◆ Exercise details:
Pictures do not belong in the output. Reproduce exactly the lines from the start of the records through the line with "วันที่ 21 ตุลาคม".

◆ Data supplied:
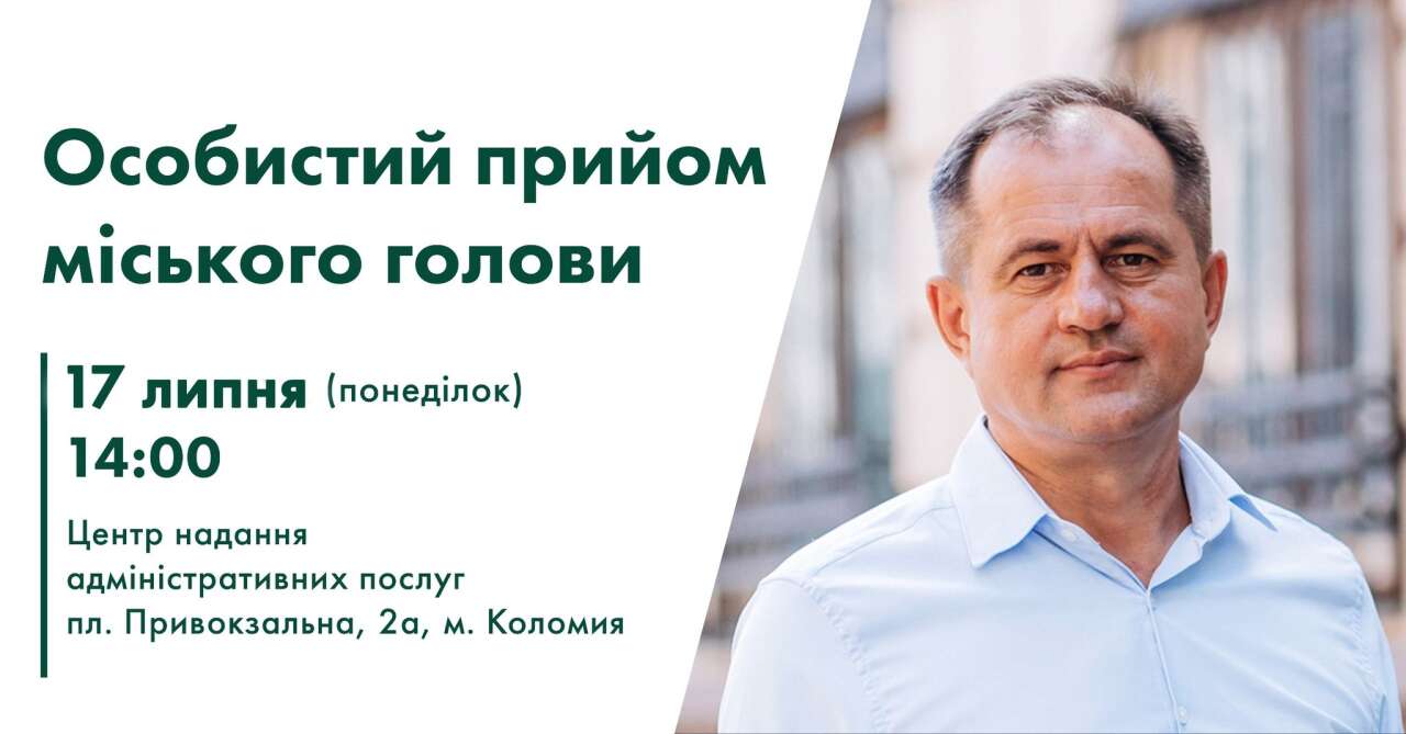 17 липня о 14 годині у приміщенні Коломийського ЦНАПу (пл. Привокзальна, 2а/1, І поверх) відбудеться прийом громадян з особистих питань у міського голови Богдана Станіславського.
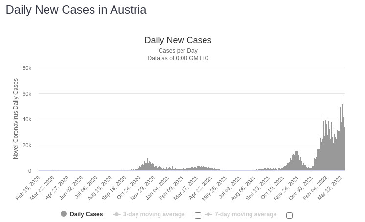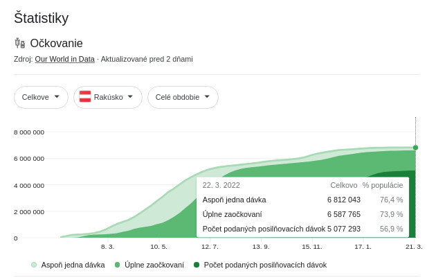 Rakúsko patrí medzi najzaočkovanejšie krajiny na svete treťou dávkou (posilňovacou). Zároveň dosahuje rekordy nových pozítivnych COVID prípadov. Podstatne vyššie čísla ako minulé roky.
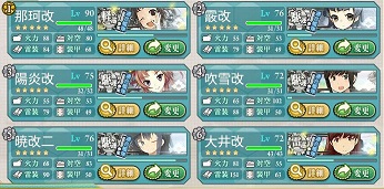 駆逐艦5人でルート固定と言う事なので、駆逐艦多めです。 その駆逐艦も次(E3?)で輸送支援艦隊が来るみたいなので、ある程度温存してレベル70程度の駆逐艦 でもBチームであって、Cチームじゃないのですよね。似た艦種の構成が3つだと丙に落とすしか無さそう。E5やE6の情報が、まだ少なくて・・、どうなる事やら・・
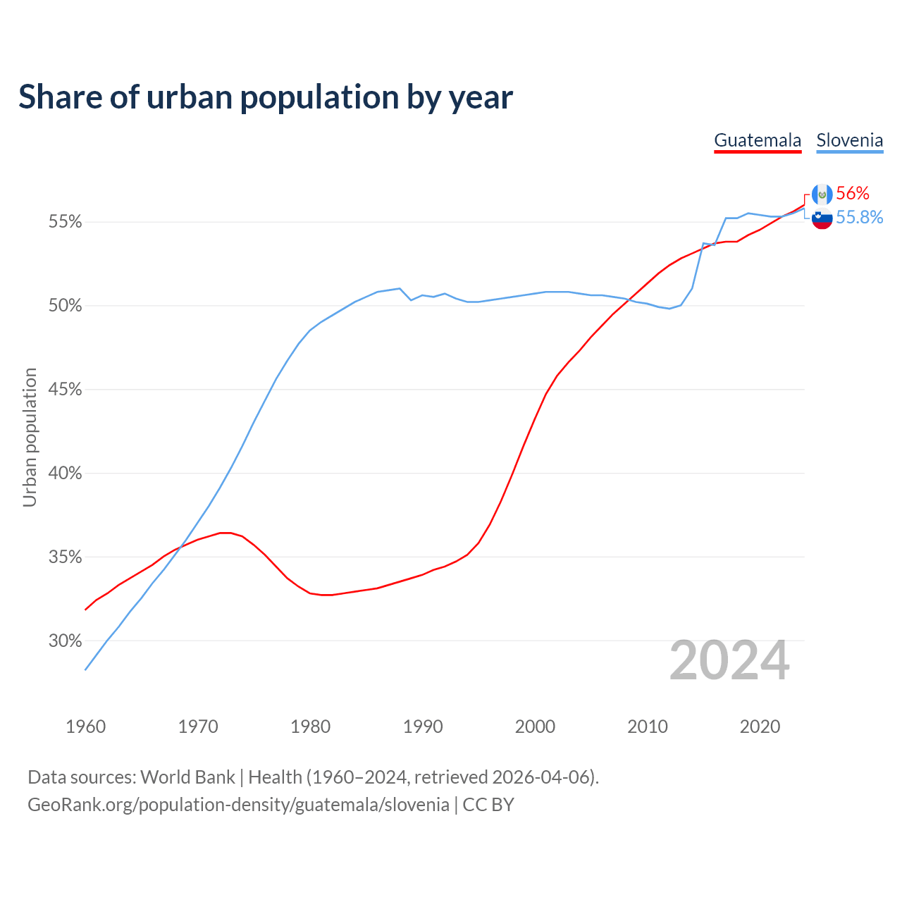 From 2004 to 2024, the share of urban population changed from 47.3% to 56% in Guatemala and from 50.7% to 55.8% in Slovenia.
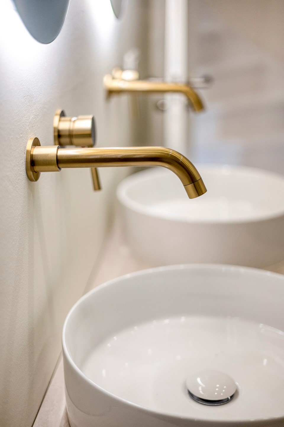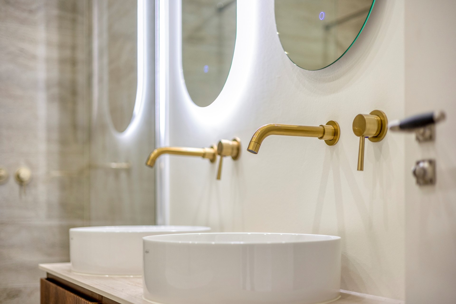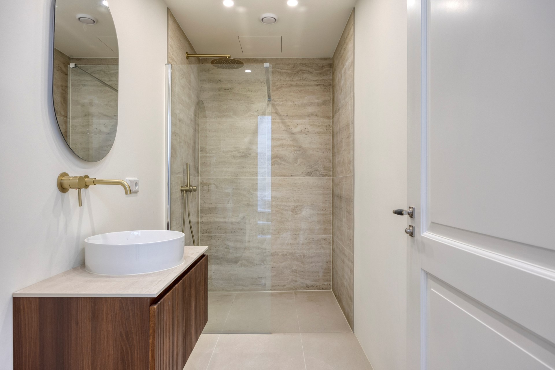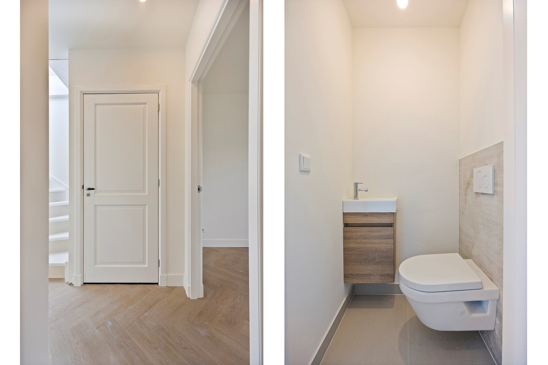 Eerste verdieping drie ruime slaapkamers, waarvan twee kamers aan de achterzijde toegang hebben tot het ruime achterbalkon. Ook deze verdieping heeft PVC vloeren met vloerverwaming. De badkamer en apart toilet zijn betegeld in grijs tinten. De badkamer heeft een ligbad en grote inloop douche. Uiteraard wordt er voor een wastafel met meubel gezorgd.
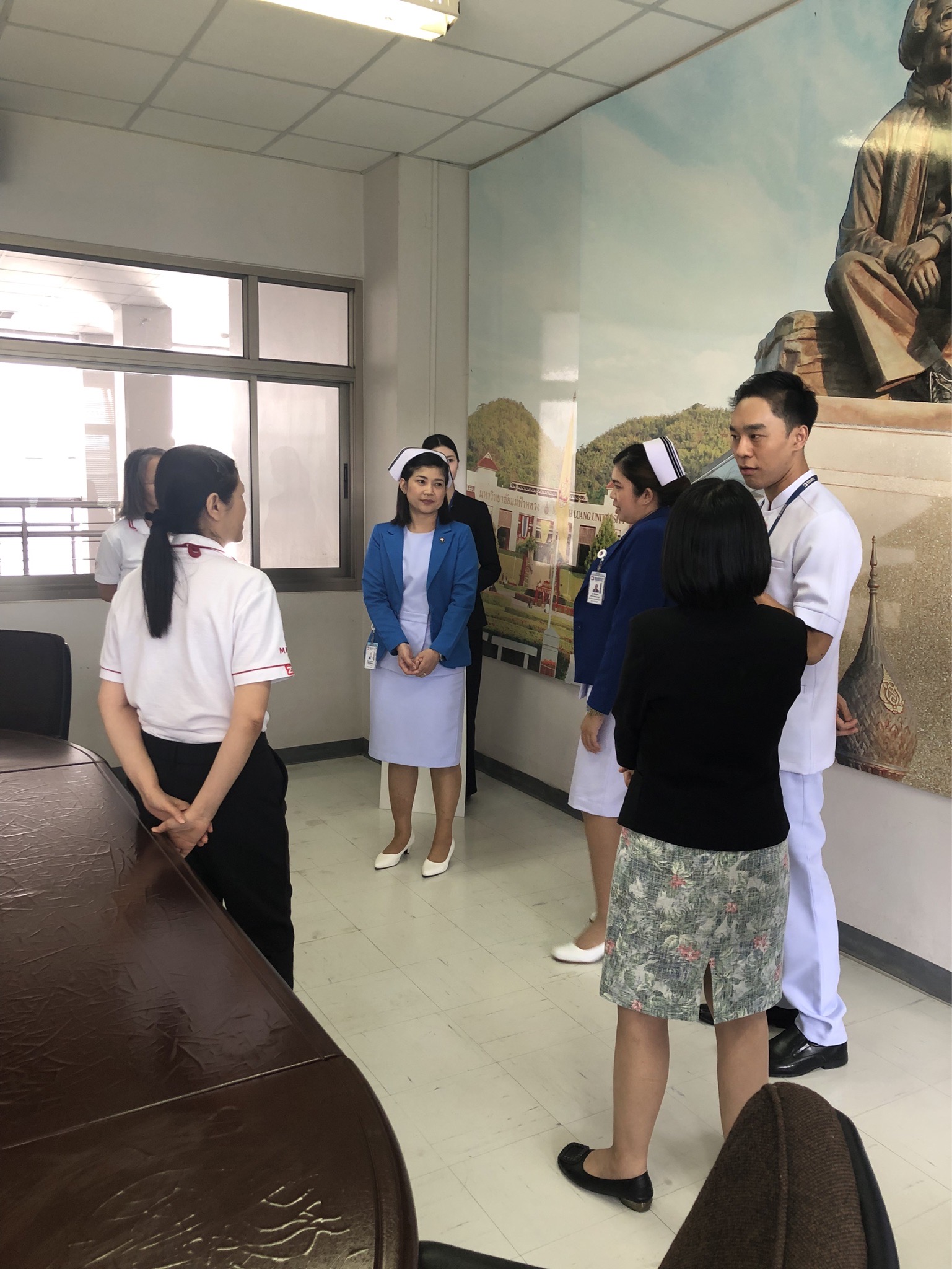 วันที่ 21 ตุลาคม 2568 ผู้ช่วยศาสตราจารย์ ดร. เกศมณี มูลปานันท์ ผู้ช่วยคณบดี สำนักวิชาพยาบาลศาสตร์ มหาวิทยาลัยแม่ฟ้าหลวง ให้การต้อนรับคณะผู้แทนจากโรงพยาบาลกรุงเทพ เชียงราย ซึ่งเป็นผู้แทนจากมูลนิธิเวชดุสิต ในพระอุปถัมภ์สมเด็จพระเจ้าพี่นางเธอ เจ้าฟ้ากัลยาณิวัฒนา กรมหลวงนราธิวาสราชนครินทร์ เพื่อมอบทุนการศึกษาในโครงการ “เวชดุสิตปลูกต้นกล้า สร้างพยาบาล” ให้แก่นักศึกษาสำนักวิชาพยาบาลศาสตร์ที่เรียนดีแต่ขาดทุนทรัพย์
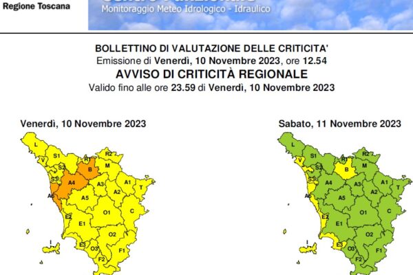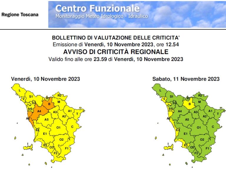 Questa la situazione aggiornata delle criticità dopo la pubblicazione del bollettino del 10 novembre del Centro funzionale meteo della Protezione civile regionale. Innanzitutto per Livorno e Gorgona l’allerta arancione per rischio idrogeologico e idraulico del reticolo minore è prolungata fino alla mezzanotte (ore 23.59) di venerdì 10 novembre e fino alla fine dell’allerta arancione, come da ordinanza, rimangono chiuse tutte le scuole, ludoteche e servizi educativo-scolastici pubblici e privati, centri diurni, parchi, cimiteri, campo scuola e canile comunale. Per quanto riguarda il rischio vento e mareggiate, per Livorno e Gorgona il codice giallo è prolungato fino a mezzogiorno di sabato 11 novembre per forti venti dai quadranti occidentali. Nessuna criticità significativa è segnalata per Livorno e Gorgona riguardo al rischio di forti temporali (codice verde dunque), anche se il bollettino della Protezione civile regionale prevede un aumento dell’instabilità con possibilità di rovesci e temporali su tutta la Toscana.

◆ Answer area:
 17 липня о 14 годині у приміщенні Коломийського ЦНАПу (пл. Привокзальна, 2а/1, І поверх) відбудеться прийом громадян з особистих питань у міського голови Богдана Станіславського.
 Rakúsko patrí medzi najzaočkovanejšie krajiny na svete treťou dávkou (posilňovacou). Zároveň dosahuje rekordy nových pozítivnych COVID prípadov. Podstatne vyššie čísla ako minulé roky.
 駆逐艦5人でルート固定と言う事なので、駆逐艦多めです。 その駆逐艦も次(E3?)で輸送支援艦隊が来るみたいなので、ある程度温存してレベル70程度の駆逐艦 でもBチームであって、Cチームじゃないのですよね。似た艦種の構成が3つだと丙に落とすしか無さそう。E5やE6の情報が、まだ少なくて・・、どうなる事やら・・
 From 2004 to 2024, the share of urban population changed from 47.3% to 56% in Guatemala and from 50.7% to 55.8% in Slovenia.
 Eerste verdieping drie ruime slaapkamers, waarvan twee kamers aan de achterzijde toegang hebben tot het ruime achterbalkon. Ook deze verdieping heeft PVC vloeren met vloerverwaming. De badkamer en apart toilet zijn betegeld in grijs tinten. De badkamer heeft een ligbad en grote inloop douche. Uiteraard wordt er voor een wastafel met meubel gezorgd.
 วันที่ 21 ตุลาคม 2568 ผู้ช่วยศาสตราจารย์ ดร. เกศมณี มูลปานันท์ ผู้ช่วยคณบดี สำนักวิชาพยาบาลศาสตร์ มหาวิทยาลัยแม่ฟ้าหลวง ให้การต้อนรับคณะผู้แทนจากโรงพยาบาลกรุงเทพ เชียงราย ซึ่งเป็นผู้แทนจากมูลนิธิเวชดุสิต ในพระอุปถัมภ์สมเด็จพระเจ้าพี่นางเธอ เจ้าฟ้ากัลยาณิวัฒนา กรมหลวงนราธิวาสราชนครินทร์ เพื่อมอบทุนการศึกษาในโครงการ “เวชดุสิตปลูกต้นกล้า สร้างพยาบาล” ให้แก่นักศึกษาสำนักวิชาพยาบาลศาสตร์ที่เรียนดีแต่ขาดทุนทรัพย์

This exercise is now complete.